Она взяла косник, всхлипнула, закрылась темным рукавом сарафана:
— Спасибо тебе, Лексей, сказывали мне, как ты спасал его…
— Чего там! Кабы спас!.. Все мы спасали друг друга. Дак пошел я, однако…
— Куда ж ты? — Аринка вспомнила, что она хозяйка, а редкого гостя положено угостить. — Сядь, я сейчас принесу чего-нибудь — помянешь…
— После, Арина, я ж дома еще не был, по пути зашел.
— Да их и нет никого твоих, вечером лишь воротятся. Сиди, я за Микулой сбегаю, он все о вас с Юрком рассказывает, как бились вы на поле Куликовом. А я… как вернулась из похода-то, ну вот, будто места нет мне на земле, так и побежала бы в Москву за войском, будто все вы там живые… Да куда ж бежать, маманя одна с меньшими… Сиди, я быстро…
И тогда Алешка так же нечаянно, как вошел в этот дом, решился на святую ложь, которую придумал еще на Куликовом поле после похорон звонцовских ратников и ради которой, может быть, отпросился у Василия Андреевича на денек раньше его умчаться в Звонцы, чтобы к приезду нового боярина решить свое дело.

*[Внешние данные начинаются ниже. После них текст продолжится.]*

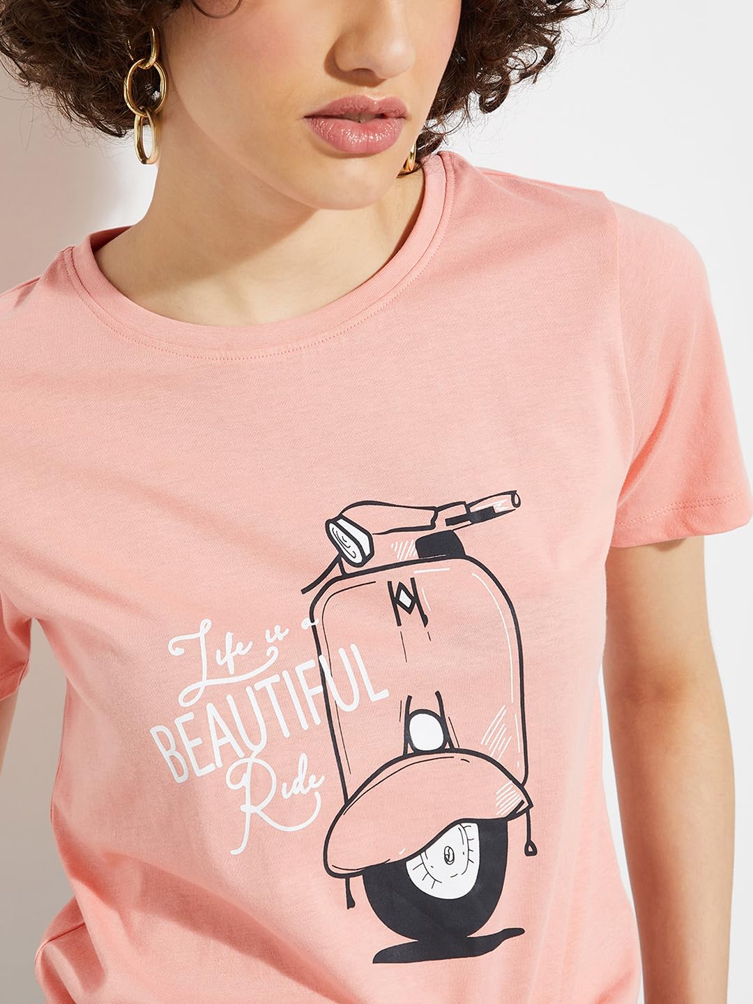Max Urb_N Women's Graphic Printed Regular Fit T-Shirt (Sp24Ycpepp13Peach)_M

— Арина, — он заступил ей дорогу. — Погоди. Все уж скажу сразу, и ты ответь, чтоб не мучиться мне.
Она отступила, испуганно глядя темными глазищами, словно просила молчать, но молчать Алешка не мог.
— Юрко, когда умирал, сказал мне: «Возьми в жены Аринку, если она еще люба тебе». А мне без тебя нет жизни, Аринушка. Теперь — твоя воля.
Она молчала, закрывшись руками, но он ждал терпеливо. Тогда, не отрывая рук от лица, она глухо сказала:
— Погоди… Хоть денек дай подумать… Ребеночек ведь у меня будет.
— Что ж, — он улыбнулся трудно, по-мужски спокойно. — Будет сын у нас, Юрий Алексеевич.
— Завтра, — повторила она, — завтра скажу, ведь маманю спросить надо!
— Прощевай, Арина, завтра всех в гости позову. А теперь не усидится мне, в лес поеду — мамка ждет…
Сбежал с крыльца, как мальчишка, кинул, будто перышко, в седло свое большое тело, одетое броней, дал шпоры вороному. Вслед несся непрерывный перезвон молотка и кувалды — Микула небось перековывал рогатины и боевые чеканы на сошники. Не рано ли?.. В лесу Алешка поехал скорым шагом. Дорогу к вырубке он знал хорошо и давал душе успокоиться от встречи с Ариной, чтобы всецело отдаться радости встречи с матерью и братишками.
Лес справлял праздник, торжественно нарядный и невыразимо печальный. Потому что праздник этот всегда недолог.